AE 07: Practicing with probabilities
Goal
Understand and calculate basic probabilities using a real-world dataset.
Data
A cohort study on coffee consumption and mortality from:
Did not die |
Died | |
---|---|---|
Does not drink coffee | 5438 | 1039 |
Drinks coffee occasionally | 29712 | 4440 |
Drinks coffee regularly | 24934 | 3601 |
Source: https://www.ncbi.nlm.nih.gov/pmc/articles/PMC5788283/
Definitions:
Event A: The person died.
Event B: The person is a non-coffee drinker.
Two important rules
Suppose we have events \(A\) and \(B\), with probabilities \(P(A)\) and \(P(B)\) of occurring.
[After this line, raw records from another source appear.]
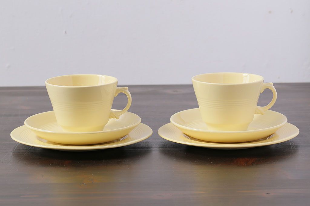 アンティーク雑貨 イギリスビンテージ Woods ware(ウッズウエア) Jasmine(ジャスミン) レトロなトリオ2客セット
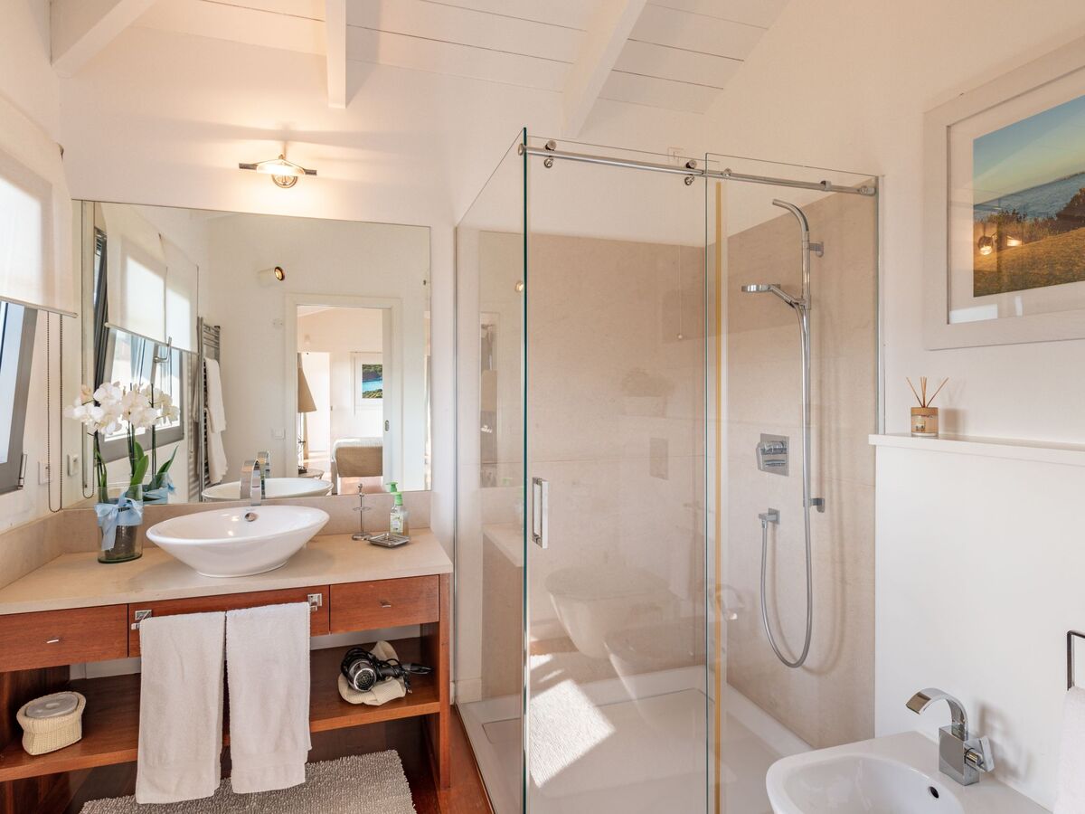 À l'étage supérieur: 1 grande chambre avec 1 grand-lit (180 cm, longueur 190 cm), douche/bidet/WC.
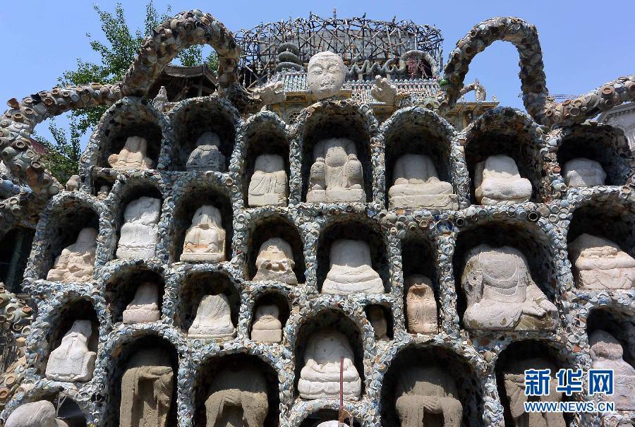 新华社照片,天津,2014年5月19日 津门瓷房子——狂热的“艺术乌托邦” 瓷房子正门前,用碎瓷片嵌成的一个个佛龛内,摆放着不同程度损坏的历代石窟造像(5月17日摄)。 天津“瓷房子”—— 一座镶嵌了4亿多古瓷片、5000多个古瓷瓶的中国古瓷博物馆。瓷房子楼体本身为一座有着100多年历史的法式五层小洋楼,室内虽有不少展品,但最“吸引眼球”的是建筑装饰。在这里,游客会有“眼睛不够用”的感觉,整栋建筑的每个角落都充满精致的艺术品和文物,它们大都被粘在墙上。除了数亿块古瓷片外,还有大量完整的瓷碗、瓷盘、瓷瓶、瓷枕等,所用瓷器年代从汉代一直跨越到清代,包括宋代五大名窑、龙泉窑、耀州窑等,几乎涵盖了各个历史时期的瓷器精华。瓷房子的主人张连志是当地一位民间收藏家,收集这些瓷器用了20多年时间。曾有人质疑,用古董装饰墙体是对文物的破坏。但张连志认为,贴在墙上屋顶上的瓷器其实都是残缺的。而一些石雕、瓷瓶镶嵌在墙上,实际上是换了一种陈列方式。他希望用艺术的神奇,让这些本来就已“受伤”的瓷器,重新面对世人,让大家都来关注中国文化,感受中国瓷器的魅力。新华社记者王颂摄

Based on the Kolmogorov axioms:
- Complement Rule: \(P(A^c) = 1 - P(A)\)
- Inclusion-Exclusion: \(P(A \text{ or } B) = P(A) + P(B) - P(A \text{ and } B)\)
Exercises
Calculate the following probabilities for a randomly selected person in the cohort:
Calculate the total number of people in the cohort:
\(Total=5438+1039+29712+4440+24934+3601\)
Add response here.
Calculate \(\small{P(A)}\): Probability that the person died
\(\small{P(A)} = \frac{\text{Total number of people who died}}{\text{Total number of people in the cohort}}\)
Add response here.
Calculate \(\small{P(B)}\): Probability that the person is a non-coffee drinker
\(\small{P(B)} = \frac{\text{Total number of non-coffee drinkers}}{\text{Total number of people in the cohort}}\)
Add response here.
Calculate \(\small{P(A \text{ and } B)}\): Probability that the person died and is a non-coffee drinker
\(\small{P(A \cap B)}=\frac{\text{Number of people who died and are non-coffee drinks}}{\text{Total number of people in the cohort}}\)
Add response here.
Calculate \(\small{P(A \text{ or } B)}\) using the formula for the union of two events:
\(\small{P(A \cup B)}=\small{P(A)}+\small{P(B)}-\small{P(A \cap B)}\)
Add response here.
Calculate \(\small{P(A \text{ or } B^c)}\): Probability that the person died or is a non-coffee drinker
\(\small{P(A \cup B^c)}=\small{P(A)}+\small{P(B^c)}-\small{P(A \cap B^c)}\)
Add response here.
Note: \(\small{P(B^c)}\) is the complement of event \(B\) (i.e., people who drink coffee occasionally or regularly).
Discussion Questions:
What do these probabilities tell us about the relationship between coffee consumption and mortality in this cohort?
Are there any limitations to interpreting these probabilities as causal effects?
How might additional factors or confounders influence these probabilities?